Dört gruptan 16 takımlı kategorimizin ilk turunda yaptığımız üç maçın ikisini kazanarak bir üst tura çıkmayı başardık. Çeyrek finalde İspanya’yı geçerek yarı finalde İngiltere’yle eşleştik. İngiltere ve biz turnuvanın şampiyonluk adaylarıydık diyebilirim. Rakip kalecinin yıldızlaştığı ve bizim de bitiricilik sorunu yaşadığımız maçta İngiltere’ye 1-0 yenilince bütün takım soyunma odasında ağlıyordu. Ancak ertesi gün yeni bir hedefle, madalya hedefiyle çıktığımız Fransa’yı rahatça yenerek sevince boğulduk. Maçın bitmesiyle üst yaş kategorisinden bizi izlemeye gelenlerle yaşadığımız sevinci YouTube’un derinliklerinde bir yerde bulabilirsiniz.

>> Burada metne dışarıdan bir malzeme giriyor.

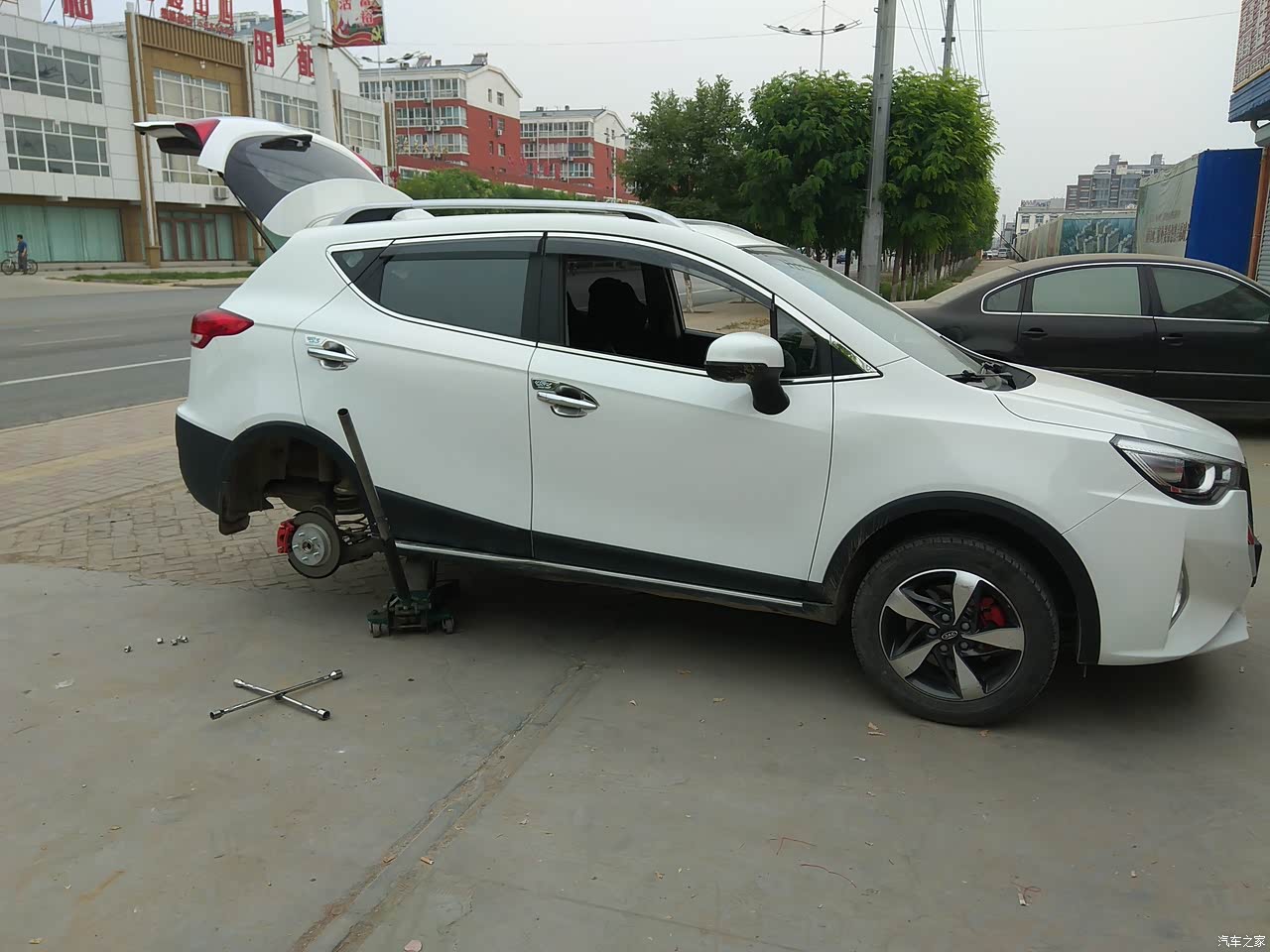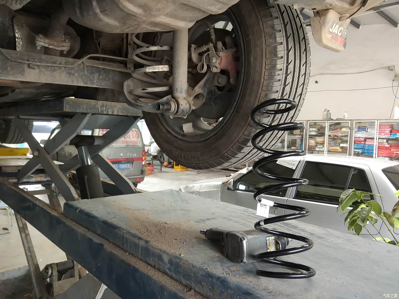 从论坛里看好多车友自己更换了加强的后减震弹簧,效果很不错,自己也很动心。后来淘宝打折下决心买了一对。一直也没时间去换,正好趁这次补胎顺便换了,街上随便选的修理店还挺实惠,补胎加换弹簧一共要了40块。说说更换后的感受,首先外观上,原来换之前前轮与轮眉间距5指左右,后轮不到4指。更换后后轮与轮眉间距大了3cm左右,不再给人塌屁股的感觉,协调了不少。然后感觉上,原来过减速带感觉咣当一下,很硬,更换后感觉缓和了好多,过一些小坑洼路面感觉不那么颠了,很结实,很有韧性的感觉。不过也有个问题,就是更换完了以后后面翘了,导致大灯近光靠下了,虽然有大灯高度调节,调到最高也只能照20-30米左右,看来要有机会去调下灯才行了。总之还是很不错的,推荐大家可以更换。

Kapanış törenine madalya kazanmanın verdiği gururla katıldığımızı düşünürken şimdi aslında orada olabilmenin ne kadar güzel bir tecrübe olduğunu tekrar anlıyorum. Sevdiğimiz sporu profesyonel seviyede yapamasak da uluslararası bir seviyede dünyanın her bir yanından katılımcılarla mücadele edebilmemiz, onlara karşı ülkemizi temsil edebilmemiz büyük bir şans. Günlük harala gürele içinde bana bu tecrübeyi anımsattıkları için tekrardan kardeşlerime teşekkür ediyor ve turnuvanın geriye kalanında onlara başarılar diliyorum.